When jumping straight down, you can be seriously injured if you land stiff-legged. One way to avoid injury is to bend your knees upon landing to reduce the force of the impact. A 75 kg man just before contact with the ground has a speed of 7.0 m/s.

(a) In a stiff-legged landing he comes to a halt in 1.6 ms. Find the average net force that acts on him during this time.

(b) When he bends his knees, he comes to a halt in 0.12 s. Find the average force now.
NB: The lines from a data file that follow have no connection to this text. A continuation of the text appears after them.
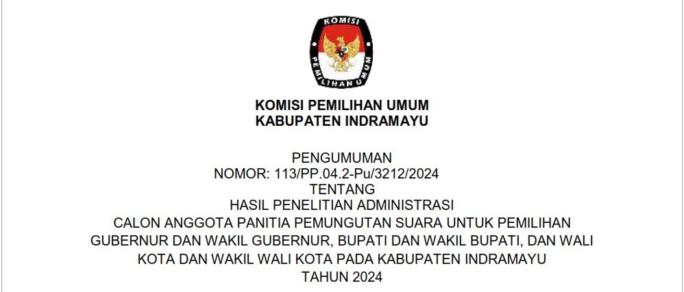 Sehubungan dengan Komisi Pemilihan Umum Kabupaten Indramayu telah melaksanakan tahapan Penelitian Administrasi Calon Anggota Panitia Pemungutan Suara pada untuk Pemilihan Gubernur dan Wakil Gubernur, Bupati dan Wakil Bupati, dan Wali Kota dan Wakil Wali Kota Tahun 2024, disampaikan beberapa hal sebagai berikut: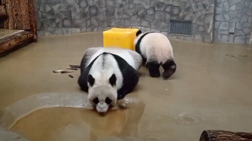Панде Катюше подарили большой желтый кубик - что же с ним сделать?
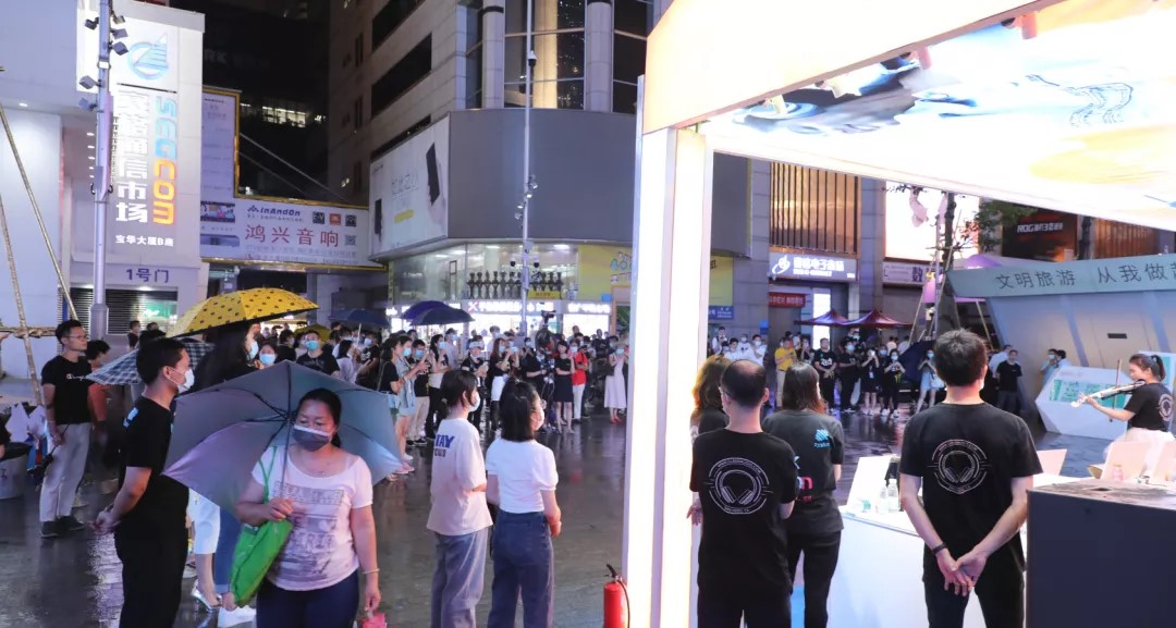 晚上7時(shí)30分,精彩的小提琴表演正式開始,隨著靈動(dòng)的琴聲響起,絢爛的燈光下,為雨夜增添了些許浪漫,瞬間吸引了眾多游客駐足觀看,一曲琴音落,博得現(xiàn)場(chǎng)眾多掌聲與喝彩。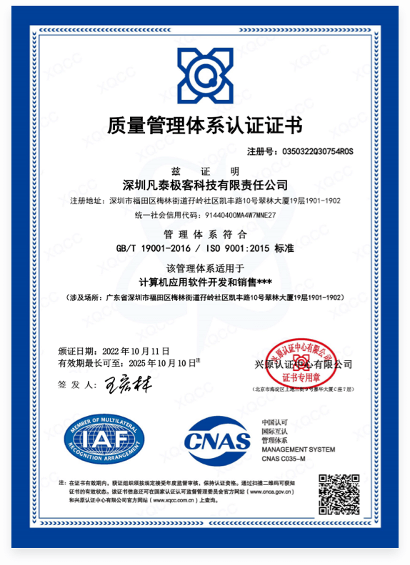 凡泰极客已经于 2019 年由广东省认定机构办公室认定为国家高新技术企业。

(c) During the landing, the force of the ground on the man points upward, while the force due to gravity points downward. The average net force acting on the man includes both of these forces. Taking into account the directions of these forces, find the force of the ground on the man in parts (a) and (b).
(i) stiff legged landing
(ii) bent legged landing

(a) Remember that his momentum befor impact, 75x7 = 525 kg m/s, equals the product of the average force and the time that it acts. Therefore
(avg. force) = (525 kg m/s)/1.6*10^-3 s
The answer will be in Newtons.
(b) Use the same formula with the longer time interval.
(c) (avg. Force on ground - M g) = Avg force on Man during impact.
Therefore subtract Mg = 735 N from the answers of (a) and (b)

Thanks you so much for your help. In this question I got for

a. 328125 N

b. 4375 N

c. stiff legged landing
327390 N

bent legged landing
4375 N - (75kg x 9.8)= 3640 N

All of the answers are correct except the bent legged landing in part c. Please tell me where I went wrong.

Your last answer seems right to me

the solution to your problem is

4375 N - (75kg x -9.8) = 5110 N